# Exercise
The material below has pictures in it. Set down only the lines from the line containing "My Hardest Goodbye" through the line containing "Mouth Guard with", word for word, and leave the pictures behind.

# Exercise materials
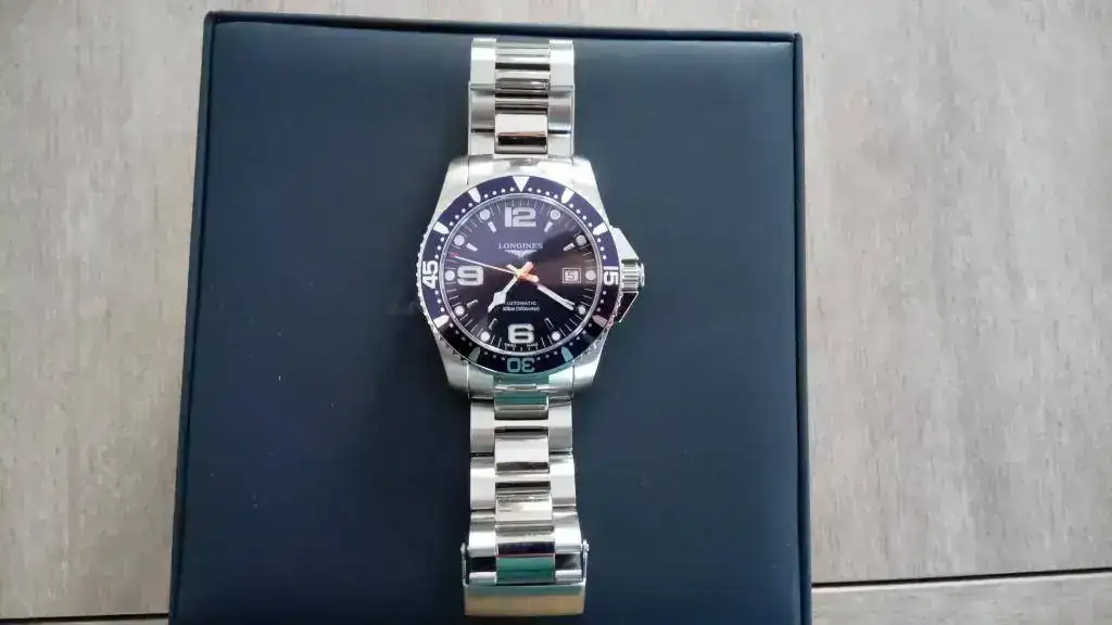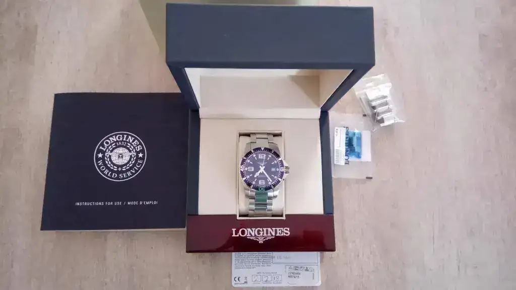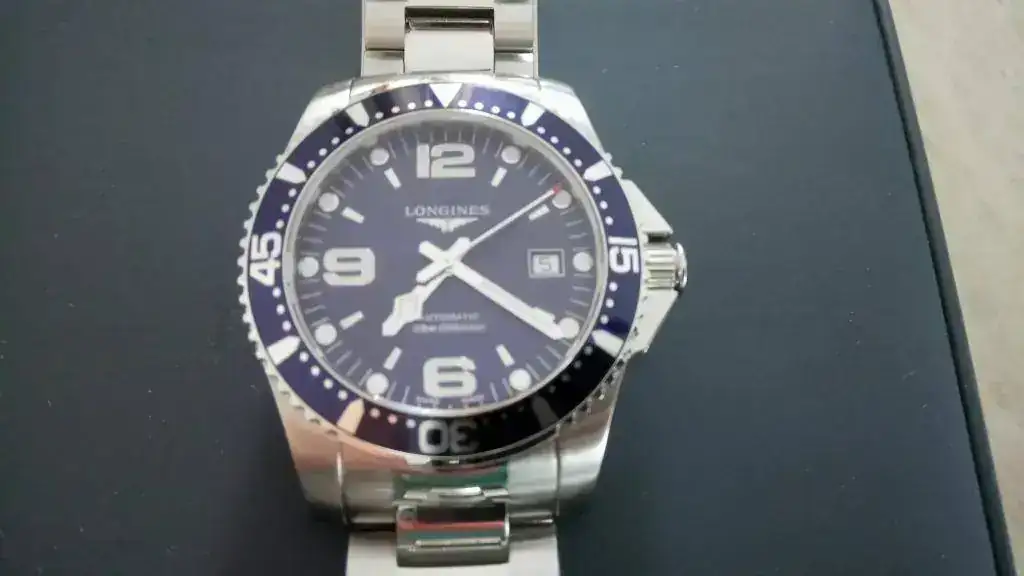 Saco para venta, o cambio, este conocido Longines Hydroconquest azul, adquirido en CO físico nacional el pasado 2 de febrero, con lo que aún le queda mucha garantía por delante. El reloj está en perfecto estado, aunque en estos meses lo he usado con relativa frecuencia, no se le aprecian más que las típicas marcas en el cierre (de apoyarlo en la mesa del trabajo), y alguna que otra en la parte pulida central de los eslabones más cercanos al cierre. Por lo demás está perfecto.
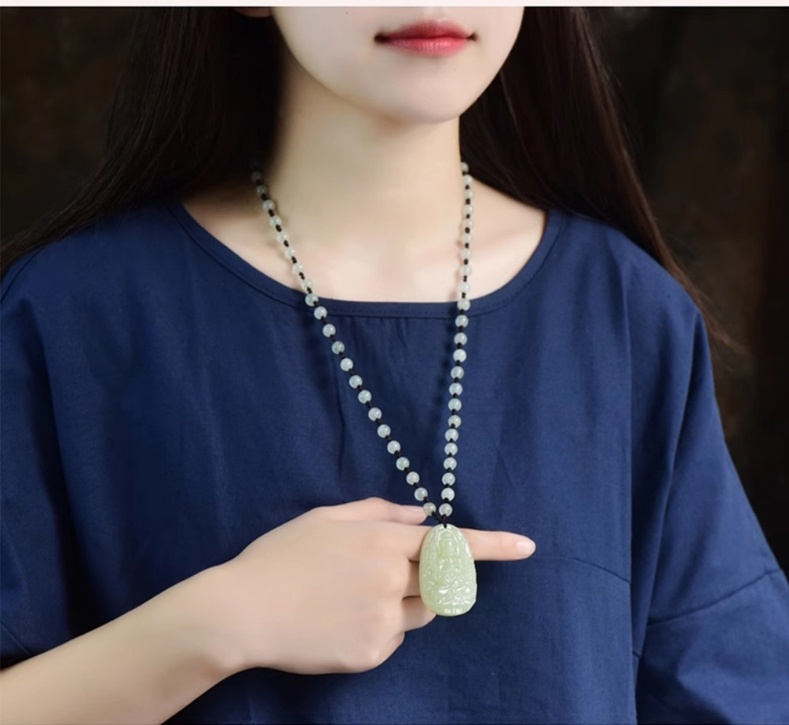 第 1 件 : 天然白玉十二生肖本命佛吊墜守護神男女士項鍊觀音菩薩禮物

---

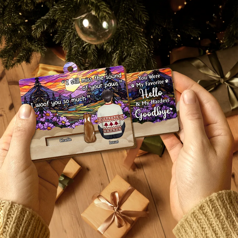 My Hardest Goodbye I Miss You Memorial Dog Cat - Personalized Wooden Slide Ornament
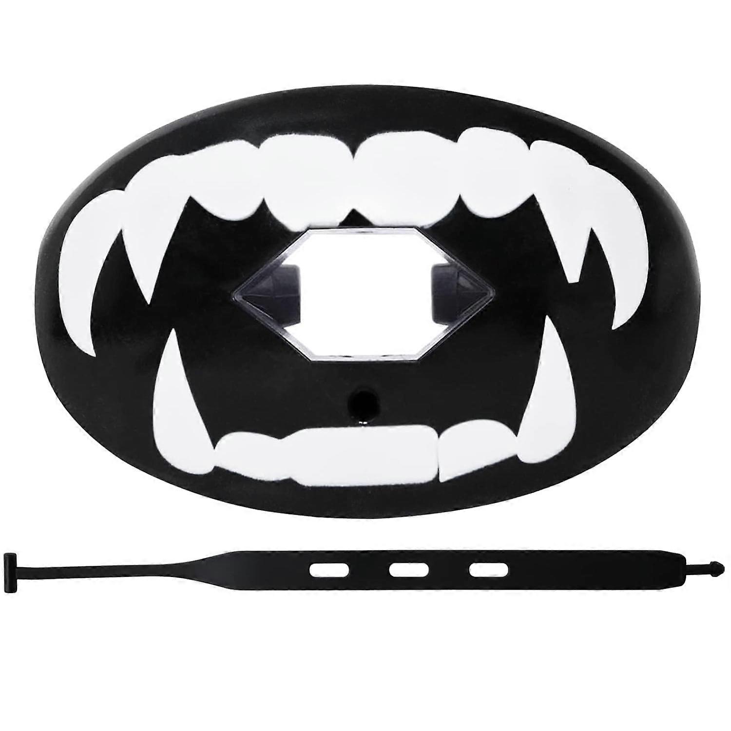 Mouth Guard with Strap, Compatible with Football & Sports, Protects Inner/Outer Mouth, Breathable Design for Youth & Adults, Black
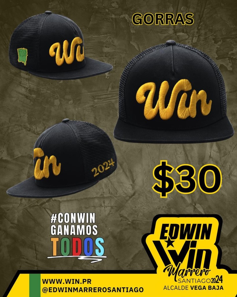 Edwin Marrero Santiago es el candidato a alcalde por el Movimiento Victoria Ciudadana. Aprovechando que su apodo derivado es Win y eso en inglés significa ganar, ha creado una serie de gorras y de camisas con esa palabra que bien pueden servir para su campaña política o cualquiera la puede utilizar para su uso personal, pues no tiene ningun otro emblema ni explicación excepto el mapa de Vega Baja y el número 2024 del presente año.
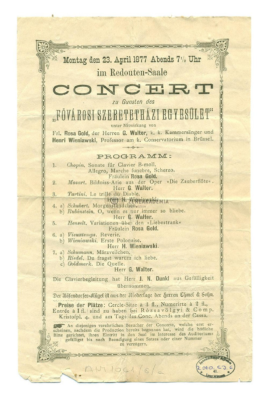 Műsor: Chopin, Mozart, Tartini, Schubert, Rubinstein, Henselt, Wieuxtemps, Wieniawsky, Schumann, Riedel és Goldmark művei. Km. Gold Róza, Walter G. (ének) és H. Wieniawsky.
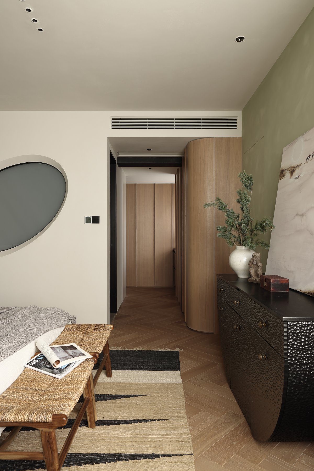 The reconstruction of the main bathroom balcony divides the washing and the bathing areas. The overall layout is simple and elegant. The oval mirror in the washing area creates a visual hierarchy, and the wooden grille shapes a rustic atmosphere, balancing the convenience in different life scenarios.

# Task response
 My Hardest Goodbye I Miss You Memorial Dog Cat - Personalized Wooden Slide Ornament
 Mouth Guard with Strap, Compatible with Football & Sports, Protects Inner/Outer Mouth, Breathable Design for Youth & Adults, Black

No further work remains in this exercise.